Specificity of intervention	PsyberGuide	1-3	3=the application is designed to improve a specific condition or symptom; 2=the application is designed to help with non-specific items such as “mood” or “brain fitness”; 1=the application is designed to track and monitor items such as symptom severity or medication; 0= no data provided
Number of consumer ratings	PsyberGuide	1-3	3=ratings exist from >50 users; 2=ratings exist from 25-50 users; 1=fewer than 25 user ratings
Product advisory support	PsyberGuide	0-1	1=yes; 0=no
Software support	PsyberGuide	0-1	1=yes; 0=no
Password protection	Kharrazi et al (2012)	0-1	1=yes; 0=no
Import/export capabilities	Kharrazi et al (2012)	0-1	1=yes; 0=no
Uploaded by health care agency	Pandey et al (2012)	0-1	1=yes; 0=no
Encryption	Powell et al (2014)	0-1	1=yes; 0=no
Explicit privacy policy	Powell et al (2014)	0-1	1=yes; 0=no
Effectiveness tested (claimed by app)	Powell et al (2014)	0-1	1=yes; 0=no
Developer contactable	Lewis	0-1	1=yes; 0=no
Advertising policy stated	Lewis	0-1	1=yes; 0=no
Errors and performance issues	Martinez-Perez et al (2013)	0-1	1=yes; 0=no
Continuous availability of data	Martinez-Perez et al (2013)	0-1	1=yes; 0=no
Discloses potential risks	Ferrero-Álvarez- Rementería et al (2013)	0-1	1=yes; 0=no
Offers technical support or help	Ferrero-Álvarez- Rementería et al (2013)	0-1	1=yes; 0=no

^a1=no research evidence; 5=ample research evidence; ADAA scale not used.

Data Analysis

Interrater reliability for each app quality measure was evaluated for both the depression and smoking categories separately, as well as for the two categories combined. Krippendorff’s alpha was used to assess interrater reliability, as it allows for ordinal ratings to be assigned, can be used with an unlimited number of reviewers, is robust to missing data, and is superior to Cohen’s kappa [34-37]. An alpha ˃.667 was used to indicate agreement [35]. A negative alpha indicates less agreement than would be expected by chance and indicates that there may have been inconsistencies in how measures were applied. Krippendorff’s alpha was calculated using the krippalpha module for Stata [38].

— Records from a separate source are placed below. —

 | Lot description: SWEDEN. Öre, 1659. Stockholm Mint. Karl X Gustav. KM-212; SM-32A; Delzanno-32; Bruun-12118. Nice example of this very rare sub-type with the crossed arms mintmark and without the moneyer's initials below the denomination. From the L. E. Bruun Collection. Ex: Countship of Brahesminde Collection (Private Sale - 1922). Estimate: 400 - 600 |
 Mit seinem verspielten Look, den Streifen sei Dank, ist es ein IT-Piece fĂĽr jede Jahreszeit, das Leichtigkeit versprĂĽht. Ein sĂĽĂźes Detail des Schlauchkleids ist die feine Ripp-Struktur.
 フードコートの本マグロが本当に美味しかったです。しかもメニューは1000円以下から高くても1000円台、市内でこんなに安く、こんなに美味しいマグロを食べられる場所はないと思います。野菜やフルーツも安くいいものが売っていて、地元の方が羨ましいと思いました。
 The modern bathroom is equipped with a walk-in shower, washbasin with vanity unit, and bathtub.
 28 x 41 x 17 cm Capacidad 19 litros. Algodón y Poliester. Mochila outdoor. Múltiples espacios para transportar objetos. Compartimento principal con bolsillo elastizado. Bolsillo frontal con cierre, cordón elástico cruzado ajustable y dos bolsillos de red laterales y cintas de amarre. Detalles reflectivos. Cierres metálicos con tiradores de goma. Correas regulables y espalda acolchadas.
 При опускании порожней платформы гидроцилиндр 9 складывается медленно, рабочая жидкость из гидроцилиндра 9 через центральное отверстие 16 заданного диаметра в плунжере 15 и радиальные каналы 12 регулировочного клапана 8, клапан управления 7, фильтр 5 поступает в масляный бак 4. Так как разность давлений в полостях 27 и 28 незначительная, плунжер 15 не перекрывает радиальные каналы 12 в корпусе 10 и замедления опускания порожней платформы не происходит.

Table 2 summarizes the interrater reliability of app quality measures overall and by application type, that is, depression or smoking. The level of data completeness for each measure is additionally reported. When considered in aggregate, only the measure for interactiveness and feedback reached our threshold for agreement. However, a number of other measures came close, with alphas ˃.5: presence of password protection, whether the app was uploaded by a health care agency, number of consumer ratings, whether the app had an explicit privacy policy, whether the app had encryption, whether the app was based on research, and whether the app had product advisory support. There was the least agreement over whether apps had errors or performance issues, stated advertising policies, were easy to use, made claims about effectiveness being tested, and made data continuously available.

When ratings for depression apps were evaluated independently, both interactiveness and feedback measure and the password protection measure reached our threshold for agreement. Meanwhile, when ratings for smoking apps were evaluated independently, there was perfect agreement (alpha=1) on whether the apps were uploaded by health care agencies and whether the apps were encrypted. There were also differences in app quality measure reliability between the depression and smoking apps. The difference in alpha when applied to depression versus smoking apps was greater than .4 for the following measures: encryption, import/export capabilities, and specificity of intervention.

Table 2. Interrater reliability of depression and smoking apps by measure.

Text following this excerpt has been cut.